Zach plays with his stuffed animals by cradling them and hugging them as if they are babies, but yet when he gets close to a human, he swats and bats at faces, inflicting pain. I thought about it, and thought perhaps a doll that looked more like a baby would help him. He could do some role play and learn to be gentle and nurturing.

I knew his dad would hate the idea, so I knew better than to buy him a doll that was dressed in a frilly pink outfit or had bows in her hair. That really would have been pushing the envelope. What I needed was a masculine-looking doll. A doll that looked like a boy, was dressed like a boy. A less girly doll. Yeah. Have you ever tried to find anything that has anything to do with traditionl domestic role play that is not pink and frilly and…..grrrrrrr. Toy vaccuums, shopping carts, kitchens. Toy mops and brooms, dishes. All of them. Why? My real vaccuum isn’t pink. My dishes aren’t, either. My stove, refrigerator….none of it is pink. Why in the hell are we doing this to our children?

So  after scouring the internet and finding nothing, I gave up on the doll. Until last week. We were at Toys ‘R’Us when I saw a boy Cabbage Patch Kid. I had been looking at the dolls, reliving memories of my childhood. I had been the first on my block to get one when they first came out. Parents were getting in fist fights over the dolls, and my mom was right in the middle of that. The limit to buy was 10, and she bought all 10 to give to the girls in the family as Christmas presents. But not me. I got one of mine that day. I’ll never forget it. His name was Earl. He had on a blue cuorduroy outfit, was bald with big blue eyes. I was remembering all of this and thinking if I knew a little girl who would want one. As I moved the boxes around, looking at the different dolls, I saw the boy way in the back. A doll. No pink. Big blue eyes like Zachy’s.

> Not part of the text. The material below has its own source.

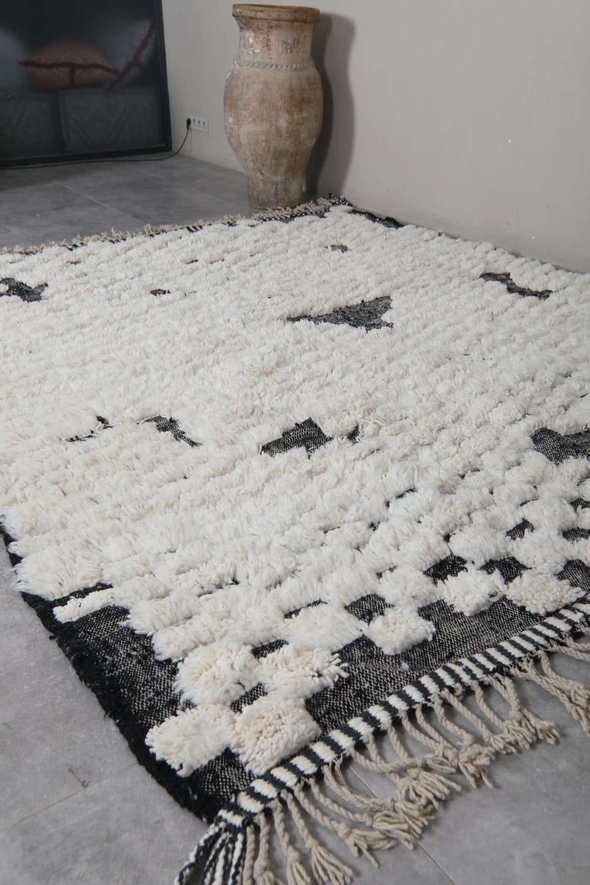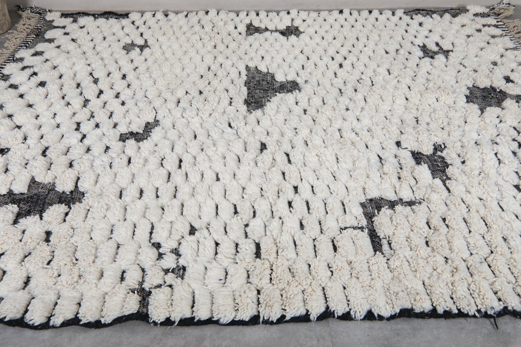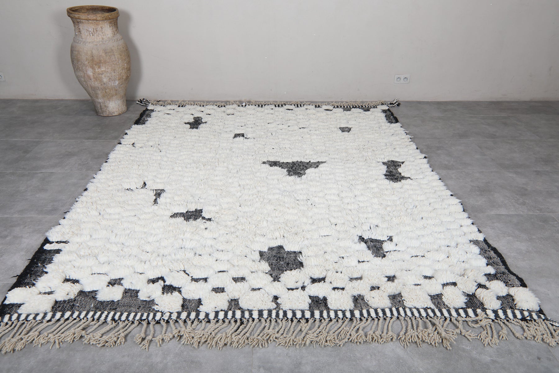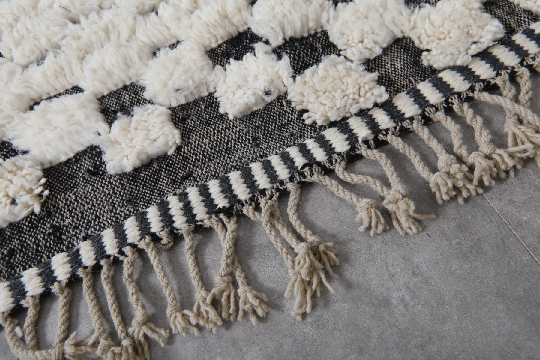 Add bold character to your space with this black and white Moroccan rug, featuring a modern checkered design with abstract motifs. Handwoven from 100% wool, this plush Beni Ourain-style rug brings both comfort and striking contrast to any room. Its monochrome palette makes it a versatile addition to minimalist, contemporary, or boho interiors. Ideal for living rooms, bedrooms, or studios, this eye-catching rug is a statement piece rooted in Moroccan tradition and crafted for modern living.
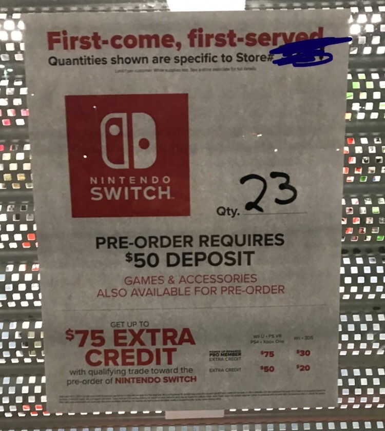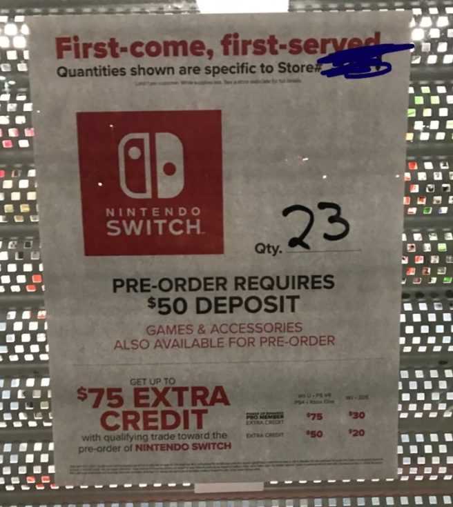 As of tomorrow, GameStop stores will begin accepting pre-orders for Switch. Thankfully, it now looks like various locations are putting up notices indicating how many units they have available. The number should give consumers a better idea about the pre-order situation.

And I bought it. The boy doll I had been looking for all of that time. We brought him home and I took him out of the box. His name is Kelton. And I handed him to Zachy, who promptly hugged him and put the doll next to him on the seat of his Cozy Coupe. Success.

Until I absentmindedly posted something on Facebook about, “Yay! I found the boy doll I was looking for for Zachy.”

I started getting e-mails. The phone rang a few times. People, who shall remain nameless and were too cowardly to post anything publically on Facebook, have a serious problem with this. Finally, John, who was with me when I bought it and had no protest then, is making snide comments when Zach so much as looks at the doll. I am going to confuse Zach. I am going to upset the balance. I am going to —GASP!—TURN HIM GAY!!!!! (These aren’t John’s words, but some of the comments I got from others.)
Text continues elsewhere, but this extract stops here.